Notice of Pre-AIA  or AIA  Status
The present application, filed on or after March 16, 2013, is being examined under the first inventor to file provisions of the AIA .

DETAILED ACTION
This Office Action is taken in response to Applicant’s Amendment and Remarks filed on November 4, 2020 regarding Application No. 16/406304 originally filed on May 8, 2019.
All independent Claims were amended.
Claims 1, 2, 4-16 and 21-24 are pending for consideration.

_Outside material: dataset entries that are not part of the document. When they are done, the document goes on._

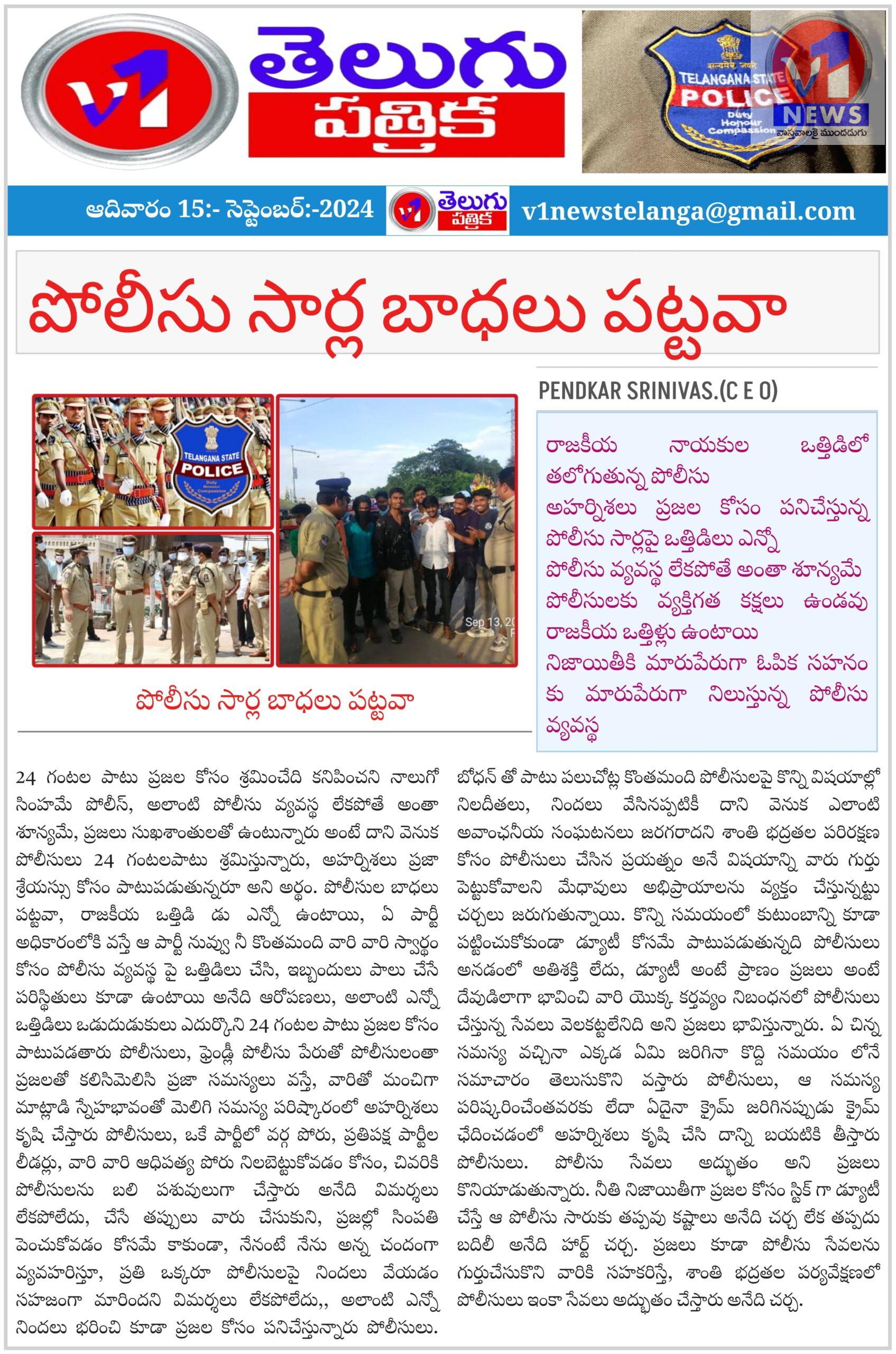 పోలీసు సార్ల బాధలు పట్టవా రాజకీయ నాయకుల ఒత్తిడిలో తలోగుతున్న పోలీసు అహర్నిశలు ప్రజల కోసం పనిచేస్తున్న పోలీసు సార్లపై ఒత్తిడిలు ఎన్నో పోలీసు వ్యవస్థ లేకపోతే అంతా శూన్యమే పోలీసులకు వ్యక్తిగత కక్షలు ఉండవు రాజకీయ ఒత్తిళ్లు ఉంటాయి నిజాయితీకి మారుపేరుగా ఓపిక సహనం కు మారుపేరుగా నిలుస్తున్న పోలీసు వ్యవస్థ September 15, 2024 No Comments
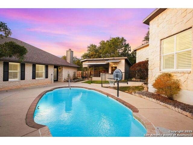 MOTIVATED SELLER! Rare opportunity in Timberwood Park-perfect for relocation, multi-generational living, or those seeking a private retreat with guest space. This single-story main home offers 3 bedrooms, 2 baths, and 1,867 sq ft of open living, plus a detached guest house (casita) with full kitchen, bed, and bath. Set on a .41-acre lot with mature trees and privacy, the property features an in-ground pool, multiple patios, and space for entertaining, gardening, or play. The granite kitchen with stainless appliances flows into light-filled living and dining areas, while the renovated primary suite offers backyard views and a spa-style bath. The casita is ideal for guests, extended family, or income potential. Located minutes from Stone Oak shopping, dining, and medical, with top-rated Comal ISD schools, Timberwood Park residents enjoy a private 30-acre park with stocked lake, walking trails, sports courts, playground, and clubhouse. Easy access to Hwy 281 OR Blanco Rd blends Hill Country serenity with city convenience-rare flexibility in one of the most desirable neighborhoods just outside the city! No city Taxes!
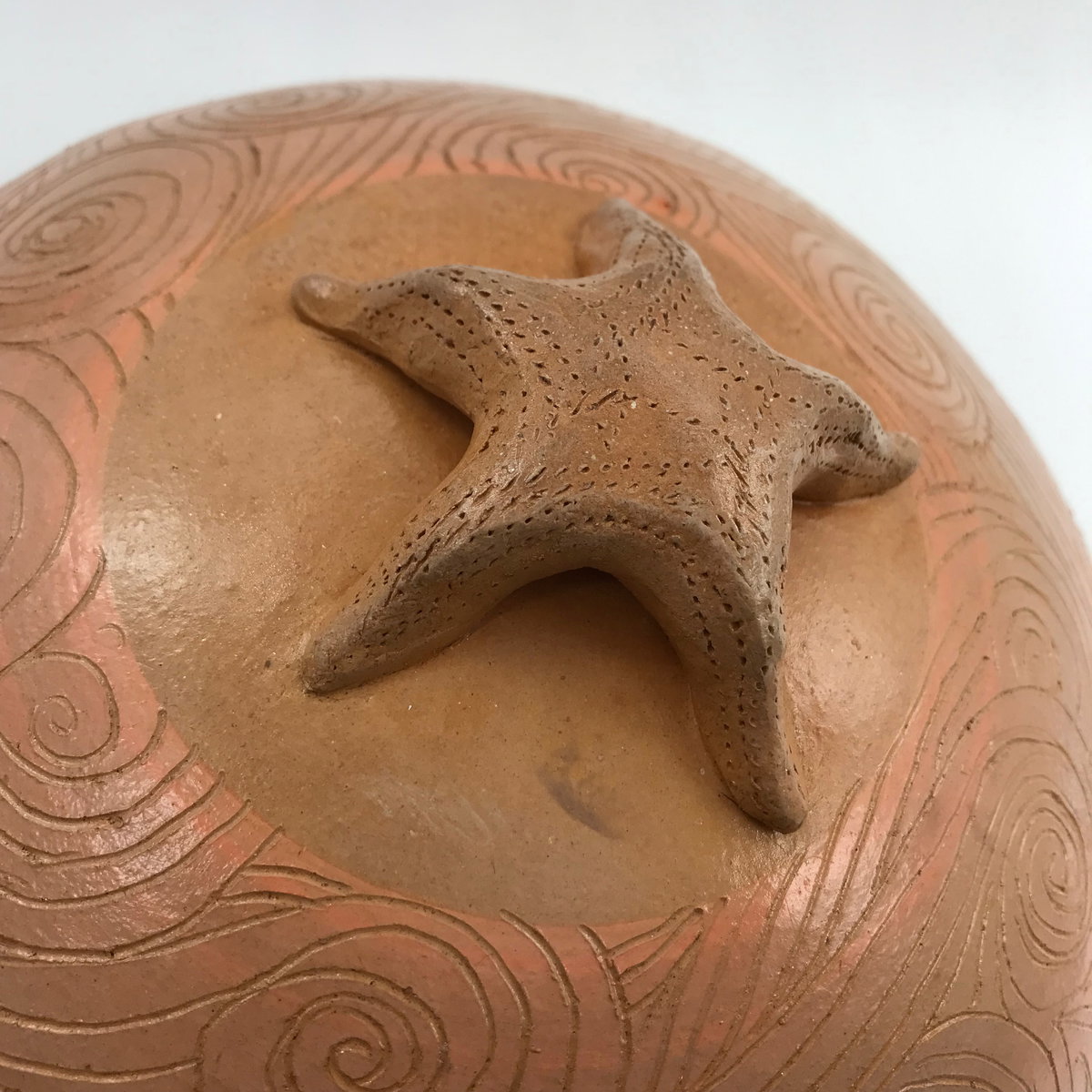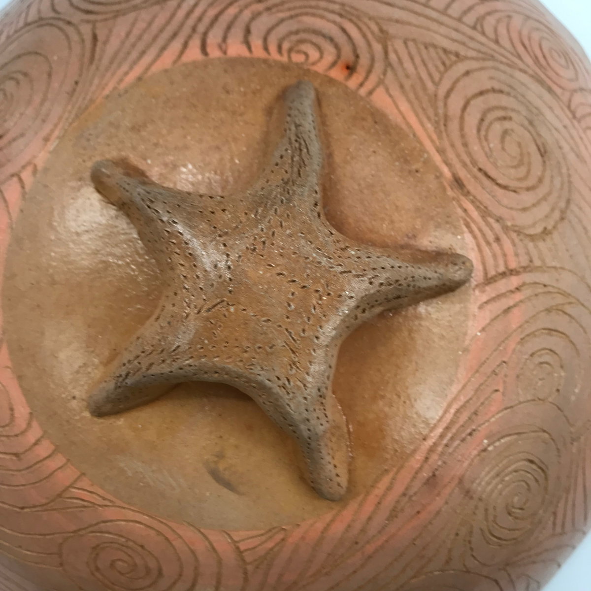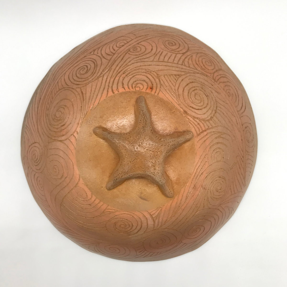 El relieve central evoca una estrella de mar, símbolo de armonía y regeneración. Los trazos en espiral representan el movimiento del agua y el fluir constante de la vida. Una pieza que conecta el origen marino con la pureza del agua en casa.
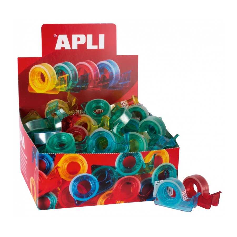 Portarrollos de cinta adhesiva de color con rollo de cinta transparente 15 mm x 10 m. Cinta transparente de 28 micras de desenrollado silencioso. Portarrollos con terminación dentada en plástico compatible con rollos de 19 mm x 33 m. Ideal para uso escolar.
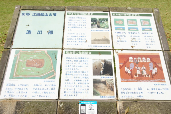| 江田船山古墳(えたふなやまこふん)は、熊本県玉名郡和水町(旧菊水町)に所在する前方後円墳。清原(せいばる)古墳群の中で最古・最大の古墳で、日本最古の本格的記録文書である75文字の銀象嵌(ぎんぞうがん)銘をもつ大刀が出土したことで著名である国の史跡に指定されている。 | |
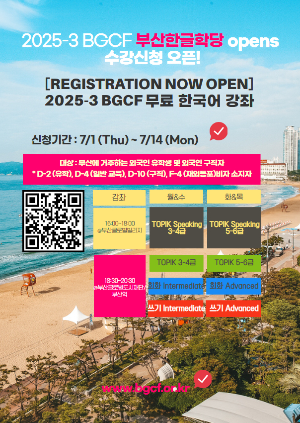 🏖️ Hãy cùng nâng cao khả năng tiếng Hàn, trải nghiệm văn hóa địa phương và kết nối bạn bè toàn cầu tại Busan! Đừng bỏ lỡ cơ hội học tập và giao lưu miễn phí cực kỳ giá trị này!
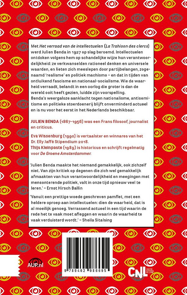 In Nederland is het 'verraad der klerken' in de loop der jaren een begrip geworden. De publicatie van de eerste Nederlandse vertaling van 'La Trahison des clercs' zal een belangrijke bijdrage leveren aan het zinderende debat zoals dat nu gevoerd wordt op scholen, in de media en in de politiek.
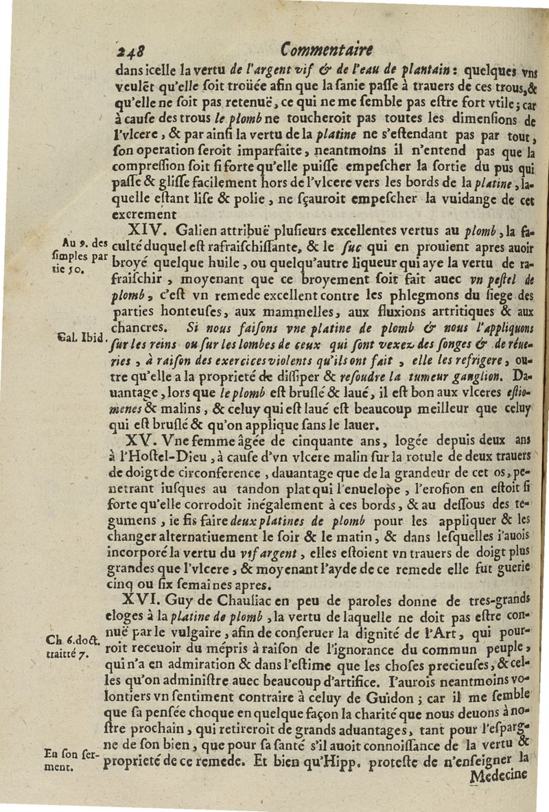 Les commentaires d'Antoine Lambert natif du LVC, me chirurgien à Marseille, divisez en cinq parties dont les matieres seront marquées à la page suivante
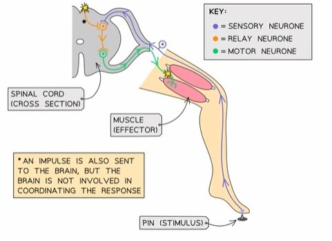 Some reflex talks don’t have really new ones so the impulse is able to very quickly be transmitted straight from the sensory neurone to the motor neurone
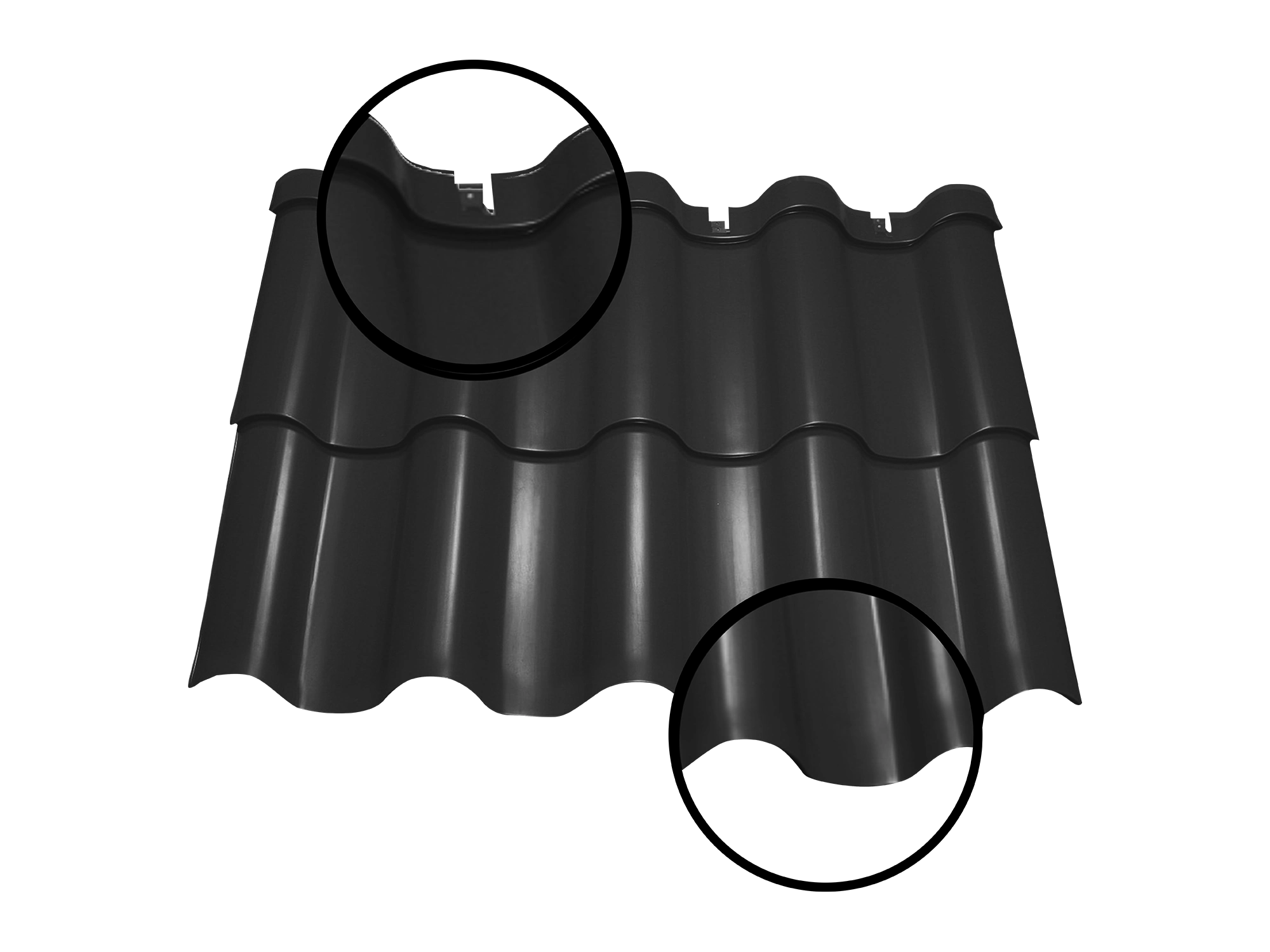 - Z-образный замок в нижней части листа способствует тому, что секции черепицы плотно прилегают друг к другу.

	Response to Remarks and Amendments
Applicants’ amendments and remarks have been fully and carefully considered, with the Examiner’s response set forth below.
Regarding rejection of claim 21, and similarly claim 4, over the combination Lukarski/Yu/Smelyanskiy/Strauss the applicant argues that even assuming arguendo that such teaches storing of elements of a vector in independently addressable banks, it (Strauss) does not teach storing the entire vector in a first one of the addressable banks, a valid data array in a second one of the addressable banks, and a base array in a third one of the addressable banks [Remarks p.10, 2nd to last paragraph]. The examiner respectfully disagrees.
On the one hand, Strauss explicitly discloses that  the resident element data buffer may be banked so that multiple resident elements may be addressed independently; wherein the resident element data buffer may enable each resident element or a subset 
On the other hand, Lukarski shows the sparse matrix vector multiplication on slide 14 and explicitly shows that all three VAL, X and Y arrays are access simultaneously for every multiplication operation. Thus, a person of ordinary skill in the art would know to place all three arrays on separate banks of the multi-banked memory of Strauss enabling parallel access to all three arrays to speed-up the matrix-vector multiplication.
Therefore, the combination Lukarski/Yu/Smelyanskiy/Strauss clearly teach the particular limitation of "the memory cell array includes a plurality of memory banks, and wherein the valid data array, the base array and the target data array are stored in different memory banks among the plurality of memory banks".

Claim Objections
Claims 1 and 24 are objected to because of the following informalities:  claim 1 recites "the sparce matrix that are non-zero"; this is a typo. Claim 24 has similar typographical errors.  Appropriate correction is required.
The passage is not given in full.